En estos momentos estamos frente a un problema de escala planetaria. El COVID-19 se ha diseminado en el mundo a partir de China. Su mortalidad (3,8%) es menor que la del SARS de 2003 (9,6%), pero mucho mayor que la de la gripe común (0,13%). La mortalidad de la Gripe Española de 1918 (30%) no es comparable debido al escaso avance de la medicina de la época. El poder de contagio del COVID-19 es alto.
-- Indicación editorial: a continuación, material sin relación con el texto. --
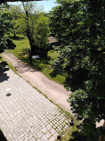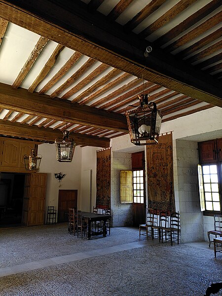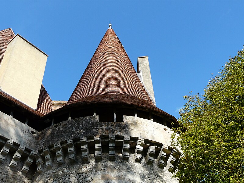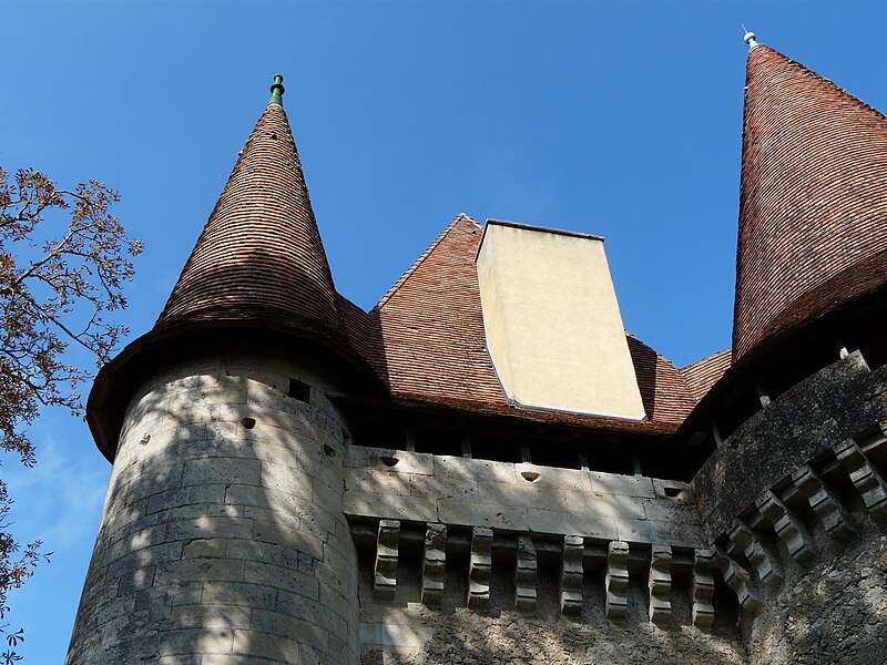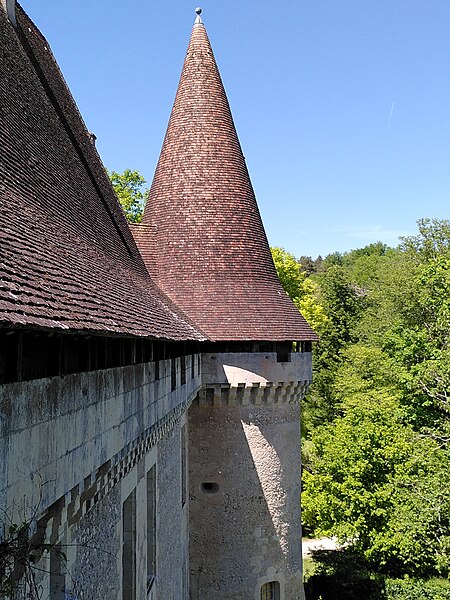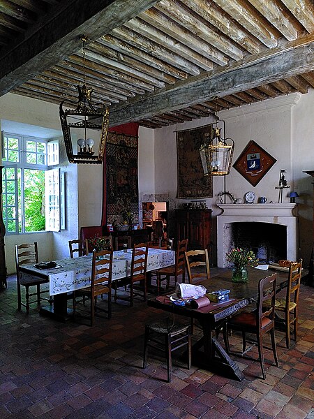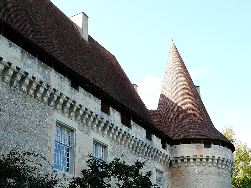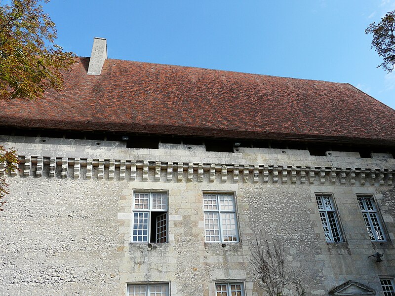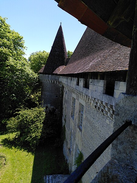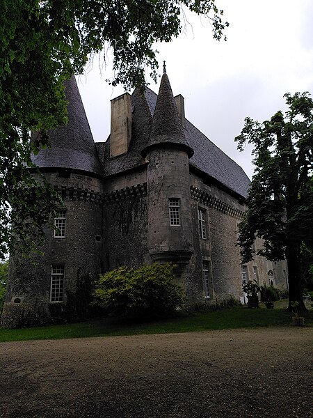 Le corps de logis rectangulaire est flanqué d'un côté de deux grosses tours circulaires et, de l'autre, de deux tourelles en encorbellement. Il est surmonté d'un chemin de ronde pourvu de mâchicoulis et a conservé des arquebuseries. Sur des caves aménagées pour les cuisines, le rez‑de‑chaussée abrite une grande salle pavée et les deux étages sont desservis par un escalier monumental à paliers. La charpente remarquable soutient une toiture à quatre pans recouverte de tuiles plates. La façade ouest présente une porte de la dernière Renaissance, de style dorique. Dans le parc se trouve la chapelle et son caveau familial construits par Paul‑François Dupont.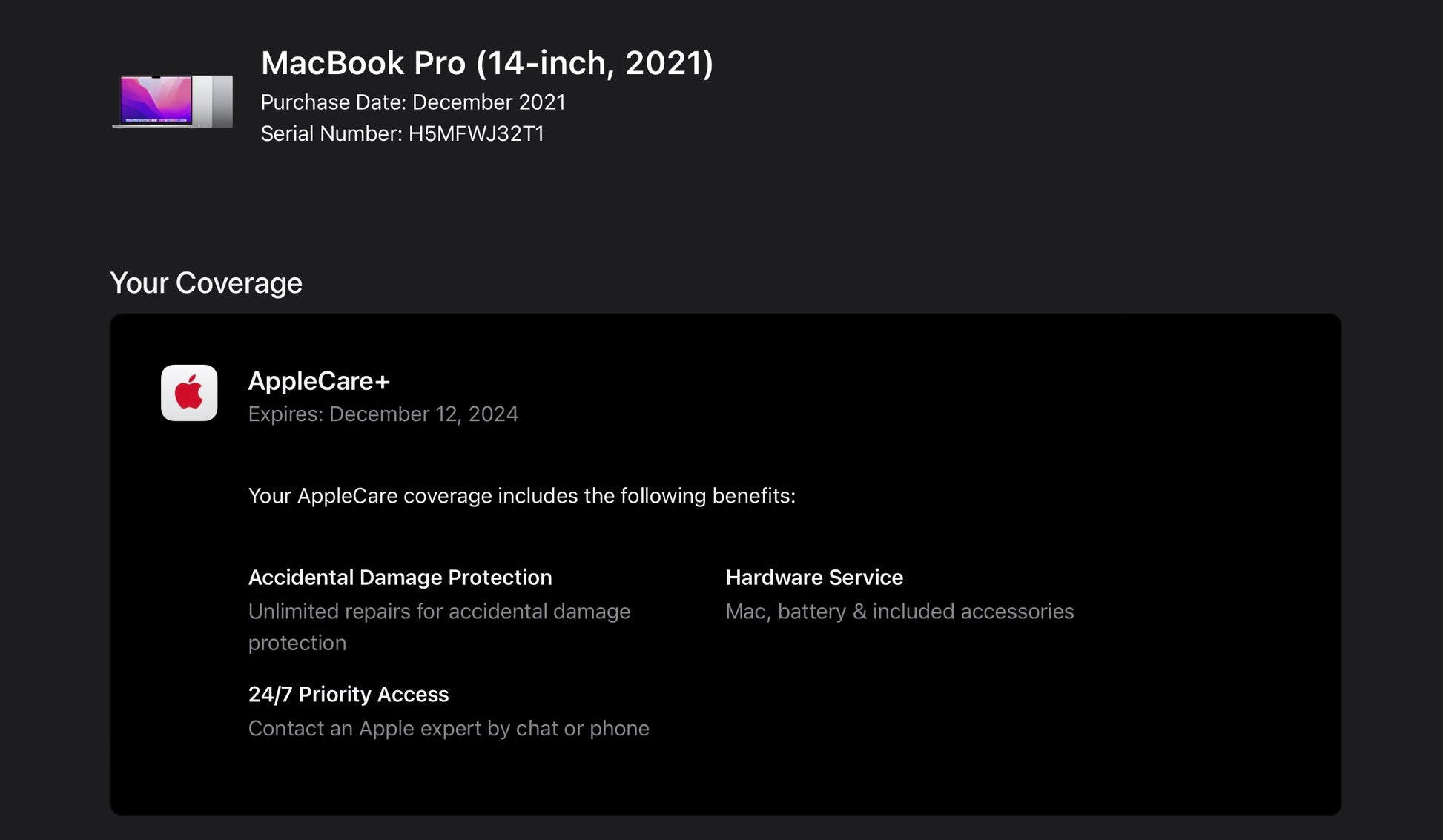 This MacBook Pro is a grade C device, which means it has some visible wear and tear, including scratches and scuffs on the exterior. There are a few small dents on the corners. However, the screen is in good condition, with no major scratches or cracks. The battery has been well cared for, with only 131 cycles! And retains excellent charge capacity. The device has been tested and is in full working order, with all features functioning properly, including the keyboard, touchpad, and ports. It comes with original accessories including a charger, and an Apple box (if it's available). it also comes with the added bonus of AppleCare+ until 12/12/2024, ensuring that you'll have peace of mind knowing that your investment is protected. Please refer to the pictures for a better understanding of the condition.

Cada enfermo contagia entre 2 y 3 personas mientras que la gripe común muestra un promedio de 1,3. Está claro entonces que el COVID-19 es mucho más peligroso y expansivo que la gripe común y que esto explica su rápida diseminación y el temor que ha ocasionado. Pero cabe la pregunta: ¿estamos frente a un fenómeno de pánico generalizado y colective outrage que lleva a personas y gobiernos a una reacción exagerada con muy altos costos y daños? Cualquier respuesta será rebatida. Estando en juego la salud y la vida, contestar que es exagerada puede ser considerado como una respuesta casi asesina. Sin embargo, yendo por el lado de costos creciendo exponencialmente, cabe pensar dónde se detienen las medidas de prevención. Así como no puede considerarse asesino al gobernante que dejó de evitar una muerte por no convertir en autopista un camino rural de escaso tráfico, debe darse un espacio de decisión razonable a quienes legislan las medidas preventivas contra el COVID-19. No es bueno que dirigentes y políticos compitan por ampliar estas medidas si eso lleva a detener la producción o los servicios esenciales y a hacer colapsar la economía. Finalmente, el impacto sobre la pobreza, y consecuentemente sobre la salud, podría más que neutralizar el objetivo pretendido. Lo que corresponde es evaluar seriamente el programa de medidas preventivas en todos sus efectos, más allá de los ánimos colectivos en un momento tan crítico.
El autor es director de Políticas Públicas de Libertad y Progreso.